___ Data provided

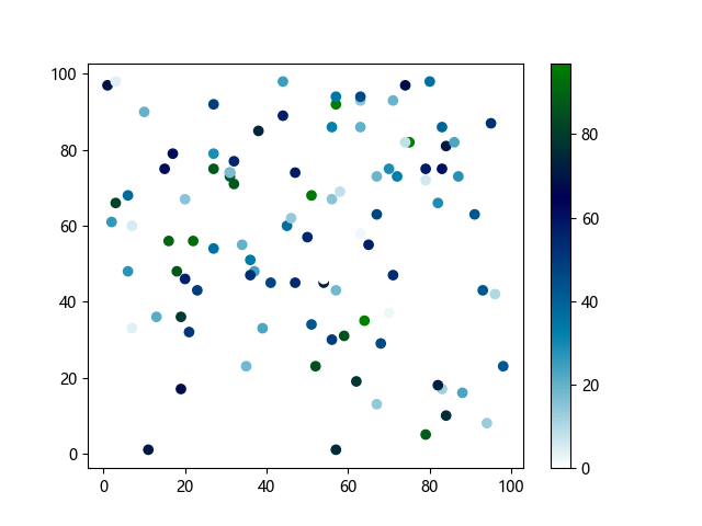 # 这三行代码使编译器能够绘图: import sys import matplotlib matplotlib.use('Agg') import matplotlib.pyplot as plt import numpy as np # 生成随机数据点 x = np.random.randint(100, size=(100)) y = np.random.randint(100, size=(100)) colors = np.random.randint(100, size=(100)) # 使用 ocean_r 配色方案绘制海洋色反向渐变色散点图: plt.scatter(x, y, c=colors, cmap='ocean_r') plt.colorbar() plt.show() # 这两行代码使编译器能够输出图形: plt.savefig(sys.stdout.buffer) sys.stdout.flush()
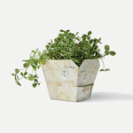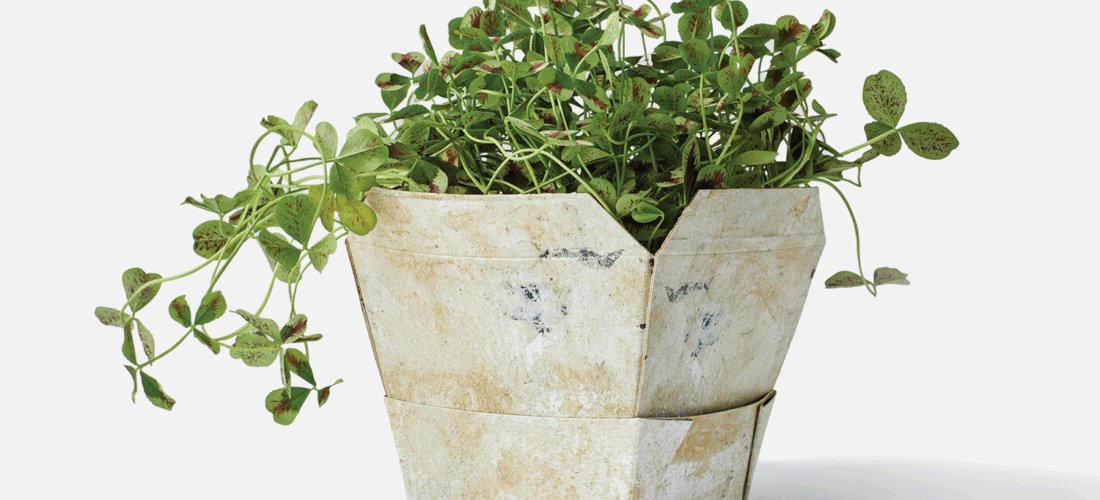 Miljøpotten Gisela har kanter som kan brettes ned for å skjule jorden. Potten står fint både ute og inne, men foten liker seg best inne så den slipper for mye regn og hardt vær. Den miljøvennlige potten rommer planter som har opp til 14 cm diameter potte som pottes om, eller aller helst plantes planten direkte i Flowerline.
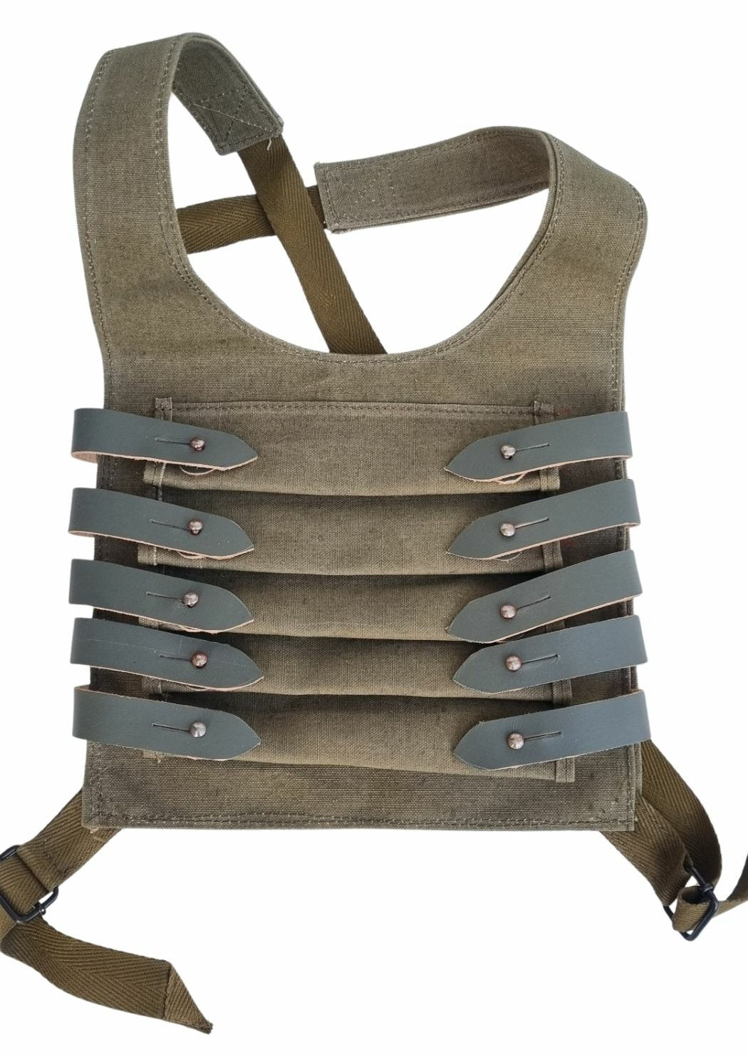 Realizzato come da originale depoca, riproduce nei dettagli la struttura porta caricatori e lassetto delle tasche munizioni, con tessuto e rifiniture tipiche del periodo, offrendo un prodotto funzionale e visivamente aderente agli esempi storici.

______

Activity:
Skip the pictures and copy exactly the lines from the one containing "Miljøpotten Gisela har" through the end of the material, both ends included.

Task answer:
 Miljøpotten Gisela har kanter som kan brettes ned for å skjule jorden. Potten står fint både ute og inne, men foten liker seg best inne så den slipper for mye regn og hardt vær. Den miljøvennlige potten rommer planter som har opp til 14 cm diameter potte som pottes om, eller aller helst plantes planten direkte i Flowerline.
 Realizzato come da originale depoca, riproduce nei dettagli la struttura porta caricatori e lassetto delle tasche munizioni, con tessuto e rifiniture tipiche del periodo, offrendo un prodotto funzionale e visivamente aderente agli esempi storici.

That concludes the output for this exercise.